以上を概観するに、2017年は数理的処理が多く、その意味でやや難化しており、2016年はやや容易である。すなわち年度によって難易度が変化するような印象も持つ。
対策
本学の入試物理での合格点は80点程度と推測する。5題と多いが、解答時間は90分程度確保できる。さらに、空欄補充の問が多いのだが、いったん誘導に乗れば勘も働いてけっこうスムーズに解けるのではないか。その意味では易しめな入試問題ではある。もちろん、基本事項の充実が大事なことには変わりはなく、学習準備としてはまず、標準的な問題集を十分に解き、さらに体系物理や他大学の過去問の利用も有効であろう。空欄補充で、誘導問題であるから、北海道大学とか、埼玉医大などもよいかもしれない。スピード練習は必要ではないかもしれないが、もたもたすることもないので、軽快な処理能力の養成も必要であろう。また、数理的処理の勘も必要である。
分野別に掘り下げてみよう。
①力学はごく標準的である。たまに程度の高い問題もあるのだが、設問や誘導がていねいなので、特別な準備はいらないであろう。まずは偏差値60の学力を身につけるのである。その後、公立大学よりは私立医科大学の過去問演習が役立つだろう。

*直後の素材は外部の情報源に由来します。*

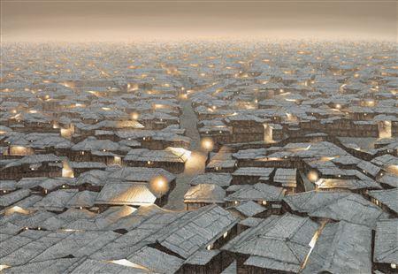 Joungju Joung paints unique urban landscapes inspired by her homeland. Her works capture urban scenes that stretch as far as the eye can see, dotted with flickering lights that suggest a dense yet invisible human presence. She doesn't cheat; she makes honest representations of exposed brick, slate roofs, and rusted gates. Joung Young-Ju creates these images by crumpling and unfolding traditional Korean paper on which she paints her works.
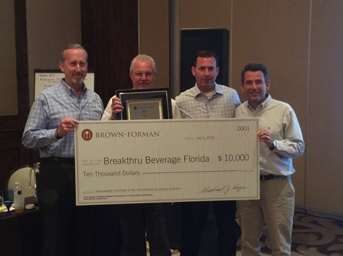 |  Left to right: Breakthru Southern Regional President Bob Drinon, Executive Vice President Eric Pfeil, Brown-Forman Territory Manager Chris Wiseman and Brown-Forman President North America Mike Keyes |
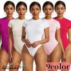 半袖カットソー ボディスーツ レオタード レディース 女性 トップス クルーネック タイト カラバリ豊富 無地 単色 お洒落 かわいい 普段使い 婦人

②電磁気は標準的な学力と本質的な理解があれば比較的容易に解けると思うので、これも良問の風+体系物理で十分であろう。
③熱の問題も、有名私大の過去問演習がよいだろう。医学部だけにとどまらず、理工系大学の入試問題を5年分解くとよいだろう。
④波動はもっとも易しい出題に見える。良問の風で十分かもしれない。
本学は比較的取り組みやすい問題が多いように思うが、それだけに取りこぼしが致命的となる可能性があるので、あくまでも標準問題重視で、取れる点はしっかり取ることが重要である。むしろ私立医学部的な対策がよいだろう。